Ранним утром, еще в постели, Анна Никитична включила радио. Маленькая коричневая коробка заговорила усталым голосом московского диктора: «В ночь на седьмое сентября наши войска продолжали бои с противником на всем фронте». Таким небывало далеким и потому бесконечно милым показался домик на берегу Дона — домик, в котором она родилась, выросла и в котором живут, ожидая ее, мать, отец, бабушка. Анна Никитична круто повернулась лицом к стенке. Сияющими волнами заливали белую стену солнечные лучи. В солнечных бликах-узорах ожили фотографии, висевшие над кроватью: здание университета, буковая аллея театрального парка, группа выпускников тысяча девятьсот сорок первого года. Кто думал, кто мог подумать, что фашисты будут бомбить Москву, хлынут к воротам Ленинграда, что «возникнет угроза» (так в сводке) Одессе, Киеву…

Надо встать заняться делом. Надо думать о другом. О чем? О поселке среди сопок, куда забросил ее случай? О разъезде, на котором пассажирский поезд стоит всего лишь одну минуту? Или, может быть, о пятом классе?

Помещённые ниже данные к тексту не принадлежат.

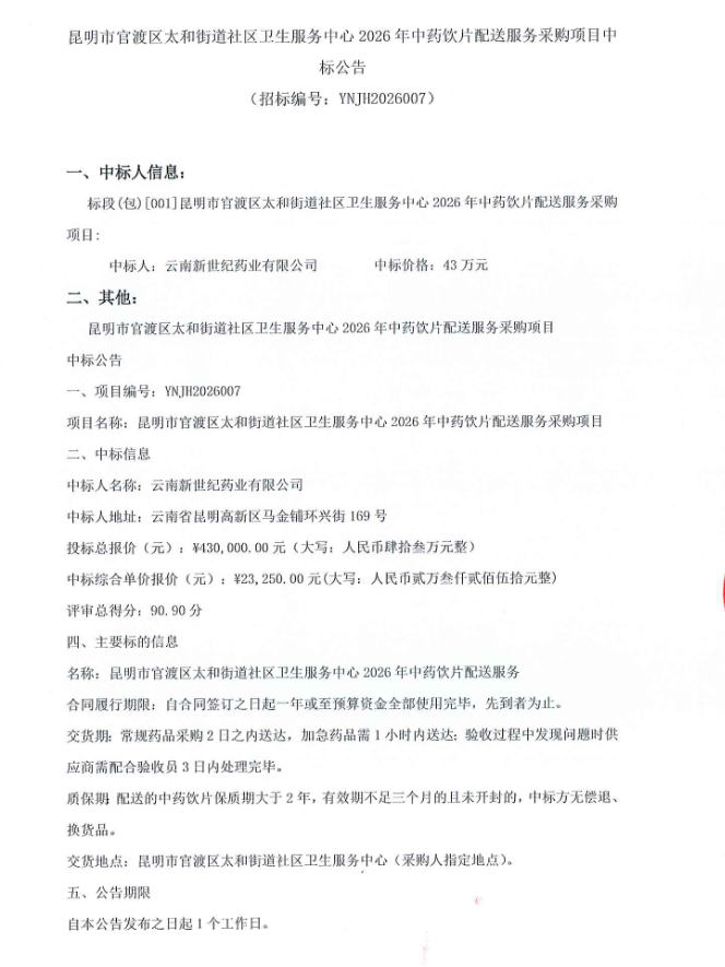 【昆明市官渡區(qū)太和街道社區(qū)衛(wèi)生服務(wù)中心】云南省昆明市官渡區(qū)太和街道社區(qū)衛(wèi)生服務(wù)中心2026年中藥飲片配送服務(wù)采購項目中標(biāo)公告

Анна Никитична попыталась представить себе пятый «Б». Она припомнила классную комнату с двумя широкими окнами, какие-то картинки на стенах, черную продолговатую доску, а за партами — безликую массу детей. Все одинаковые — и на лицо, и по одежде, и ростом. Только нескольких она запомнила, например, тех, что выгнала. С этого началось ее учительство. Впрочем, она никогда и не мечтала о педагогической работе. Она должна была остаться в Ростове, при кафедре. И вдруг вызов к ректору. Короткий, как на митинге, разговор. Не только с нею — со всеми выпускниками. И всех рассылают по школам. Она даже не успела толком разобраться в том, что произошло, как ей вручили путевку: «Направляется в распоряжение Читинского областного отдела народного образования».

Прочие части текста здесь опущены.